- Руки прочь! Не то посеку!
Те двое отступили, но тиун набежал сзади, схватил девушку в охапку. Тогда Дулеб спокойно отстранил его, сказав:
- Ты слыхал ведь? Прочь!
И такая сила была в его голосе, что тиун отступил, но не уходил, а мрачно остановился в проеме ворот, между ними и неожиданными защитниками девушки.
- Зачем вам эта девушка? - сурово спросил Дулеб.
- Не твое дело!
- Стало быть, мое.
- Так знай: для князя.
- Для Андрея?
- Не угадал.
- Для Юрия? Не поверю. Однако все едино. Не дадим. Не допустим, чтобы на наших глазах творилось насильство. Иди, девушка, в дом.
- А что скажу князю? - в голосе тиуна уже слышалась растерянность.
- Напомни слова отца его Мономаха: "В походе избегать пьянства и блуда".
Дулеб кивнул Иванице, и они пошли спать, оставив княжеских прислужников, которые старались, то ли и в самом деле выполняя княжеское веление, то ли в услужливости своей хотели сделать своему повелителю милую неожиданность.
Теперь все изменилось в поведении хозяйки. Они застали ее за довольно неожиданным занятием: она переносила своих сонных маленьких детей в холодную половину, освобождая теплую для гостей.
Дулеб возмутился:
- Неужели дозволим, чтобы малые дети мерзли на холоде?
- Вы такие добрые люди, - тихо произнесла женщина. - Такие добрые. Кланяюсь вам до земли.
И в самом деле она поклонилась и попыталась найти руку Дулеба, чтобы поцеловать.
- Не надо, - сказал лекарь. - Перенесите малых в тепло - вот и все. А с нами ничего не случится и в холоде.

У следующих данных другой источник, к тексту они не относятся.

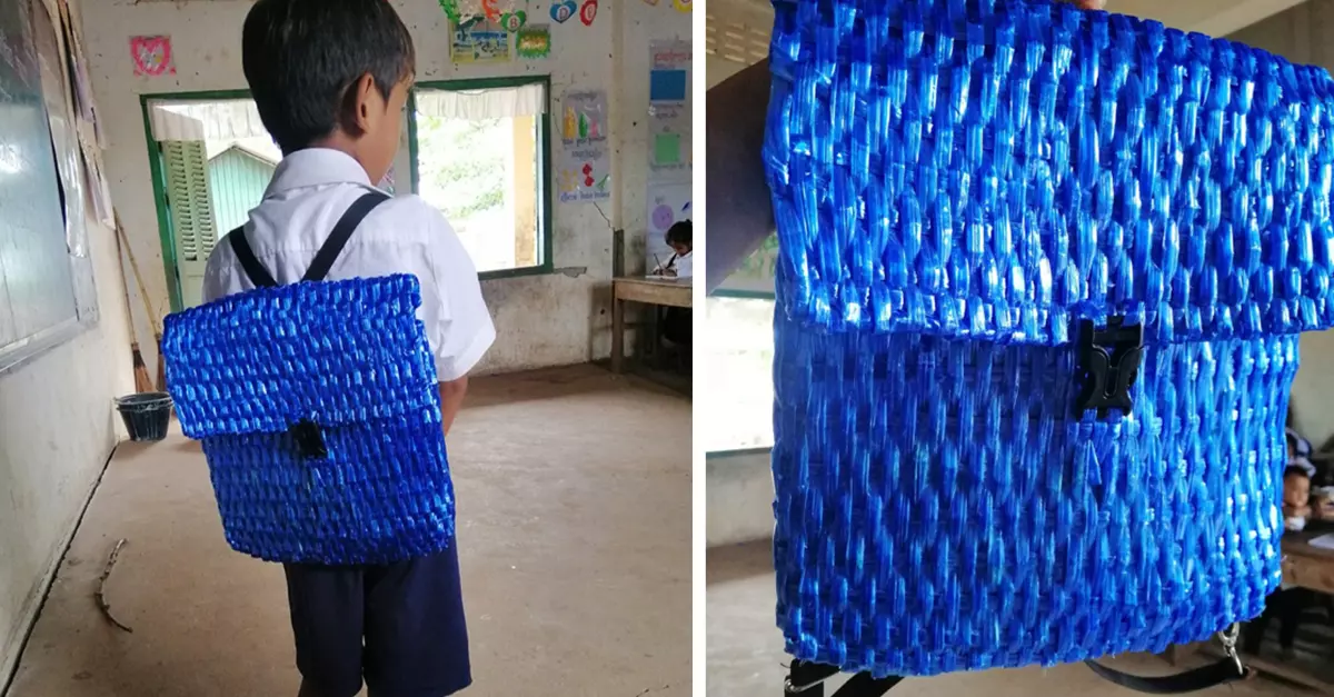 Un papá originario de Camboya elaboró una mochila para su pequeño a causa de no tener los recursos necesarios para comprarle una.

А на рассвете, когда они в темноте собирались уже покинуть свое пристанище, что-то невидимое очутилось возле Иваницы, дохнуло на него теплом молодого тела, шепнуло на ухо: "Оляной меня зовут". Иваница протянул руку, но поймал пустоту, а Дулеб уже открывал дверь в мороз, в путь, в бесконечность, и парень только вздохнул тяжело: "Там Ойка, тут Оляна. И нигде не можешь пробыть хотя бы день, все тебя толкают куда-то, а куда и зачем? Эх, вернуться бы да..."

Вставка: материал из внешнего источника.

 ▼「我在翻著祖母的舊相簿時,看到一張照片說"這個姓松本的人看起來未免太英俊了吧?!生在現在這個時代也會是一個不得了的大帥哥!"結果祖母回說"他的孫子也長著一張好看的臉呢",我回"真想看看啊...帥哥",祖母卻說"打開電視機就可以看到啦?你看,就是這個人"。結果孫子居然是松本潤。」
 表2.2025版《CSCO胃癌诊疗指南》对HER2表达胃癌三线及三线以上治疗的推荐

Ехали молча до самого дня, только снег поскрипывал под конскими копытами да полозьями саней да покрикивало иногда что-то в лесу, то ли пробуждаясь ото сна, то ли собираясь на добычу, то ли приветствуя новый день.
Князь Юрий искоса поглядывал на Дулеба, молчал упорно и невозмутимо, но наконец не удержался:
- Мономах учил: "На коне едучи, когда молчишь, зови втайне: "Господи, помилуй". Это лучше, нежели нелепицу мыслить, едучи". Довольно нам с тобой безлюдицы. Ты дуешься на меня, я зол на тебя. А виновен кто-то другой.
- Кто же еще, кроме тебя, княже?
- Нехорошо вышло вчера ночью. Да не моя в том вина. Тиун сказал, что есть молодица, которая хотела бы князя. Греха в том нет, покуда человек живой, он живет.
- Тебе всегда так будут говорить, чиня при этом насильство.
- Ты ведь не допустил насильства.
- Случай. До этого пятьдесят лет меня при тебе не было.
- Думаешь, все пятьдесят лет ко мне таскали девок мои тиуны?
- Не ведаю.
- Иногда оправдания звучат неуместно. Лучше снова помолчим.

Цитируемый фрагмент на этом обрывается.